Ruano D, Lambolez B, Rossier J, Paternain A V, Lerma J
Institut Alfred Fessard, Centre National de la Recherche Scientifique, Gif-sur-Yvette, France.
Neuron. 1995 May;14(5):1009-17. doi: 10.1016/0896-6273(95)90339-9.
To determine the kainate receptor subunits that are found in native kainate receptors, we have applied a multiplex PCR of cDNAs reverse transcribed from mRNA harvested from single cultured hippocampal neurons after electrophysiological recording. We found that all the cells showing rapidly desensitizing currents in response to kainate express the GluR6 subunit mRNA, and that some of them also express the GluR5 subunit mRNA. No GluR7, KA-1, or KA-2 subunit mRNAs were detected. Analysis of the editing sites of the GluR6 mRNA demonstrated that the three editing sites present in these subunits are edited to a different extent. Predominant expression of the unedited variant (Q) was observed, but edited and unedited variants may coexist in the same cell. In addition, we show that the Q/R site from the GluR6 subunit controls functional properties of native kainate receptors.

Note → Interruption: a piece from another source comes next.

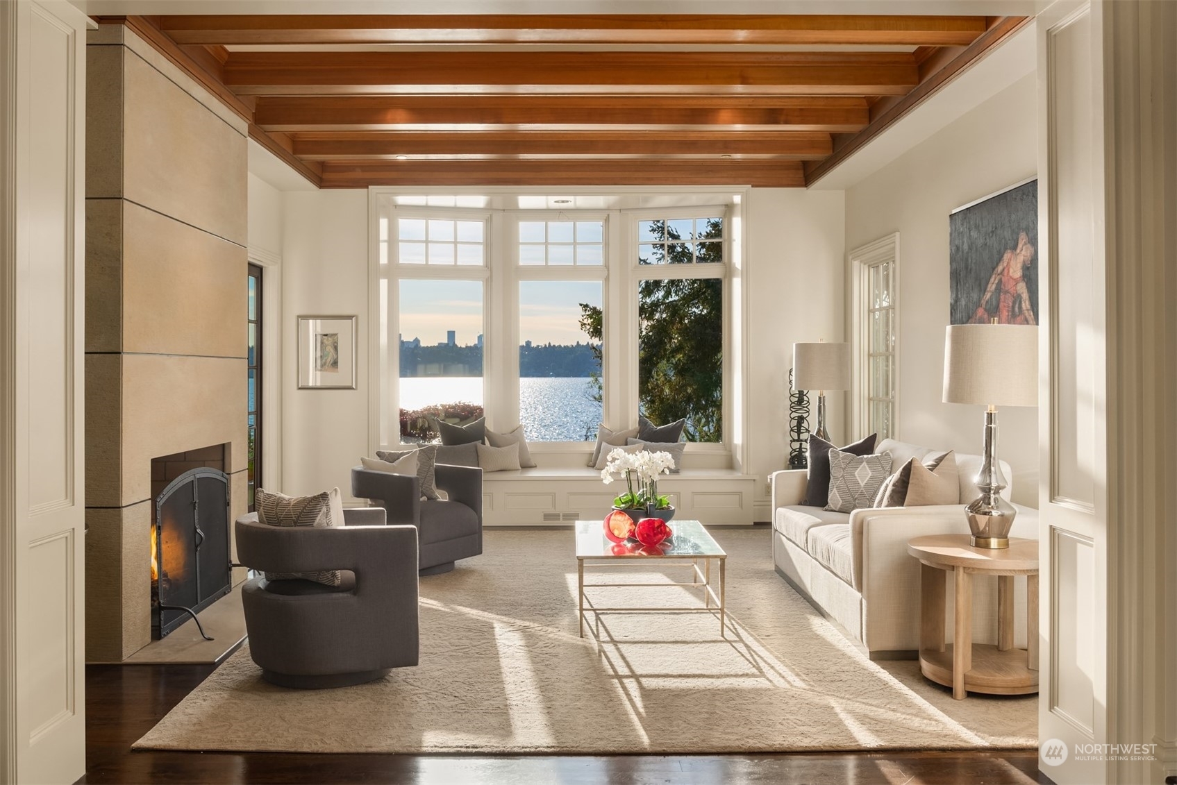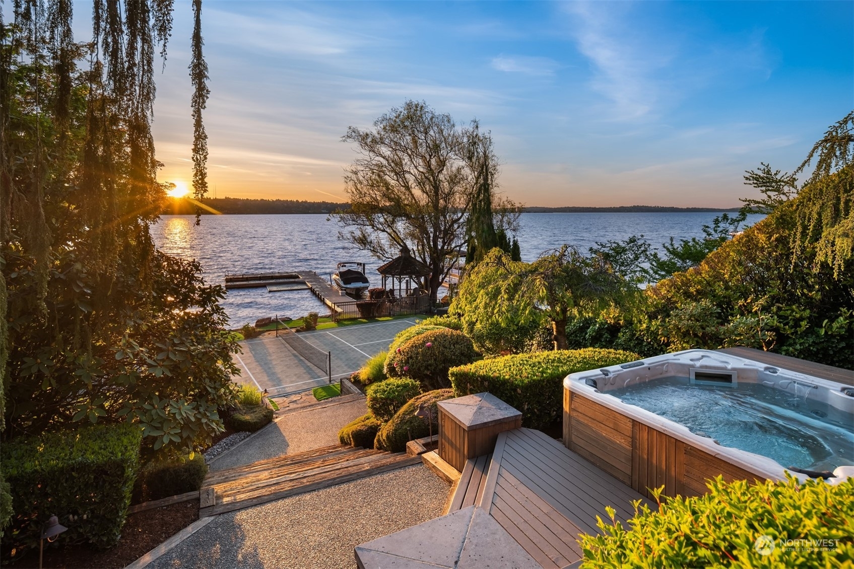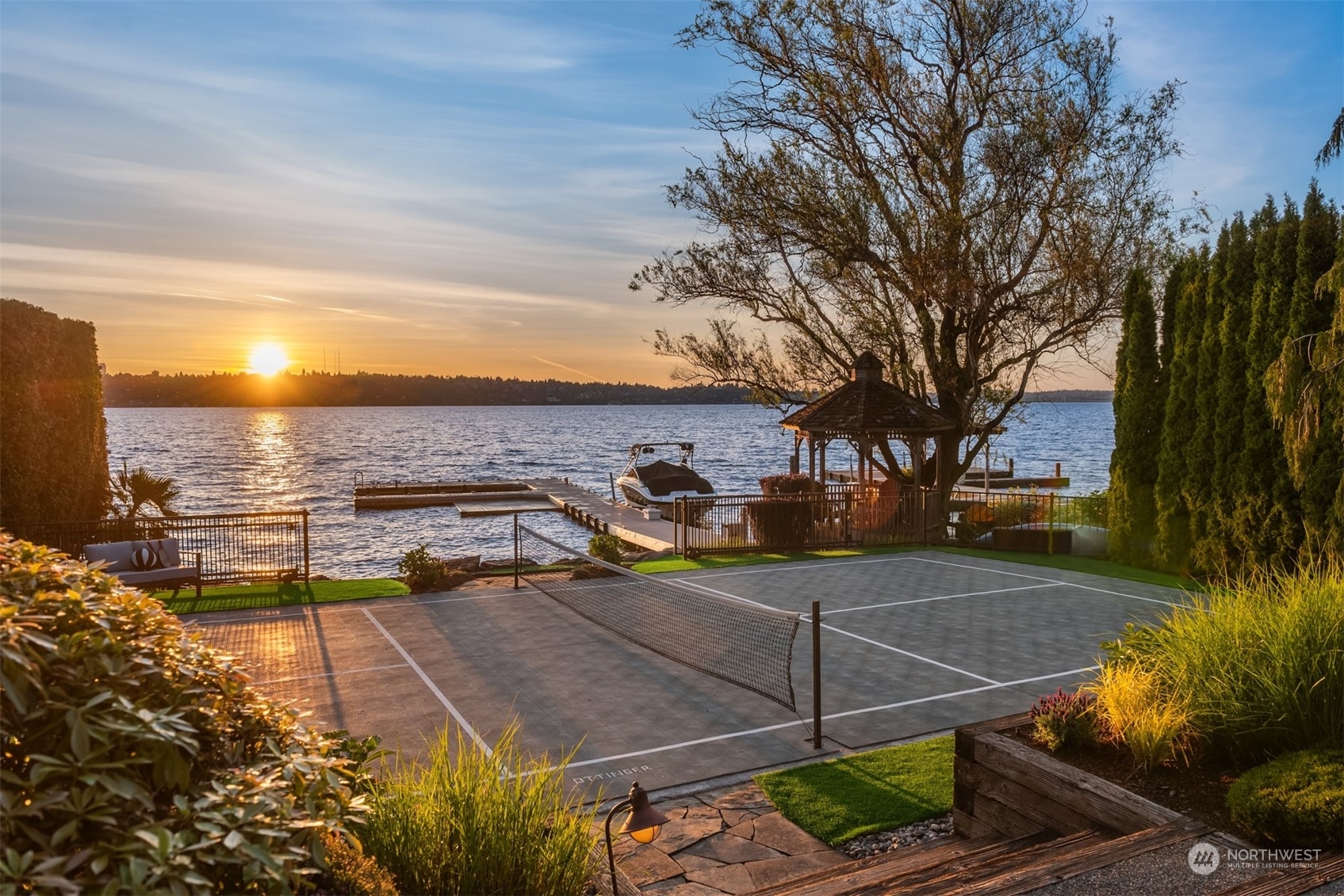 Discover Santa Barbara style & sophistication on Mercer Island at this gracious waterfront estate. Offering spectacular, west-facing views of Lake Washington & the Seattle skyline, this exquisite home boasts light-filled, thoughtfully curated spaces for everyday living, luxurious entertainment & a seamless indoor/outdoor lifestyle. An ideal floor plan from the open kitchen & great room to the luxe primary suite with gorgeous views to the lower level rec room & guest quarters. Lush grounds offer a resort experience complete with private dock & pickleball court. Auto court for guest parking. Located on the coveted north-end minutes to the Island village & a short drive to urban amenities on both sides of the lake. Your Island oasis awaits…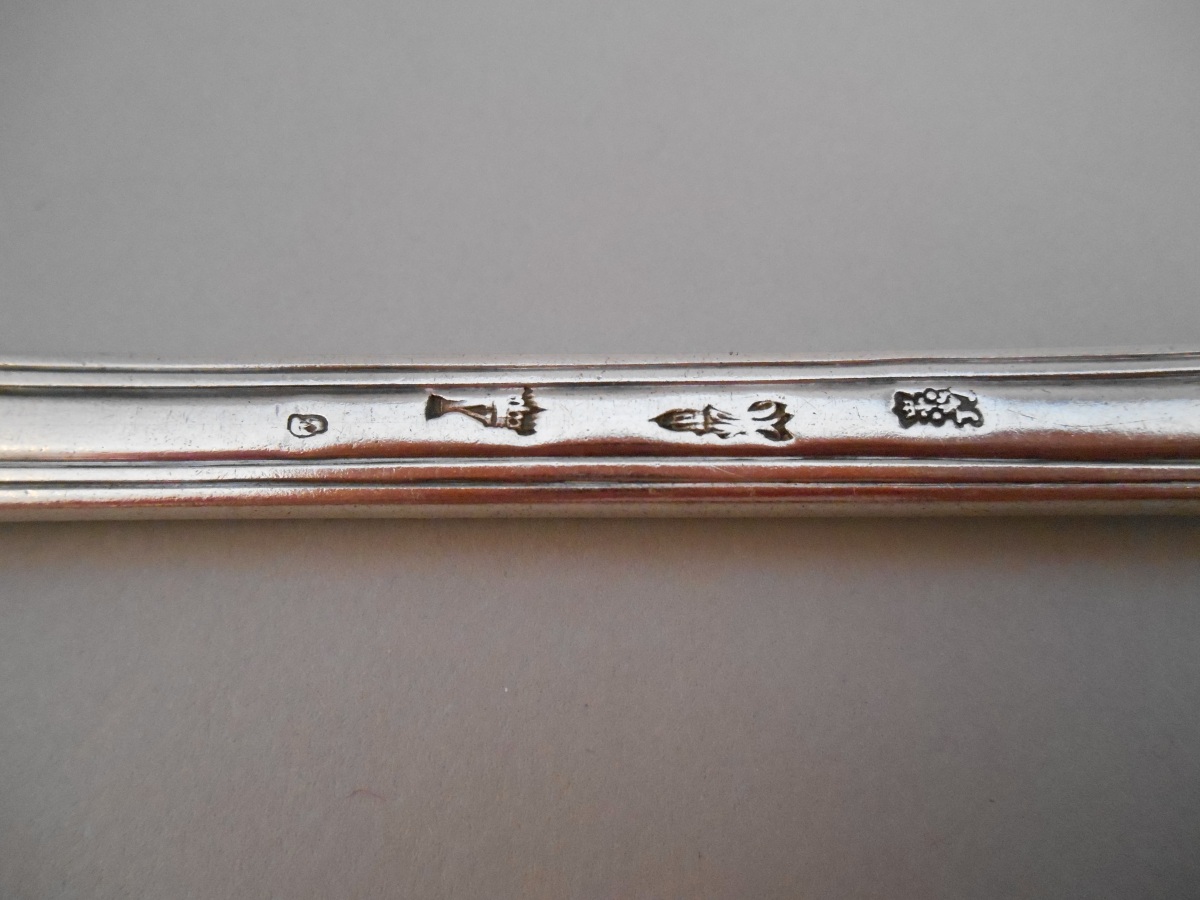Maître-orfèvre: J, A? Une fleur de lys couronnée flanquée de deux grains de remède en partie supérieure.

为了确定天然海人酸受体中存在的海人酸受体亚基,我们对从单个培养的海马神经元中收获的mRNA反转录得到的cDNA进行了多重PCR,这些神经元在电生理记录后被采集。我们发现,所有对海人酸产生快速脱敏电流的细胞都表达GluR6亚基mRNA,其中一些细胞还表达GluR5亚基mRNA。未检测到GluR7、KA-1或KA-2亚基mRNA。对GluR6 mRNA编辑位点的分析表明,这些亚基中存在的三个编辑位点的编辑程度不同。观察到未编辑变体(Q)的主要表达,但编辑和未编辑变体可能在同一细胞中共存。此外,我们表明,GluR6亚基的Q/R位点控制天然海人酸受体的功能特性。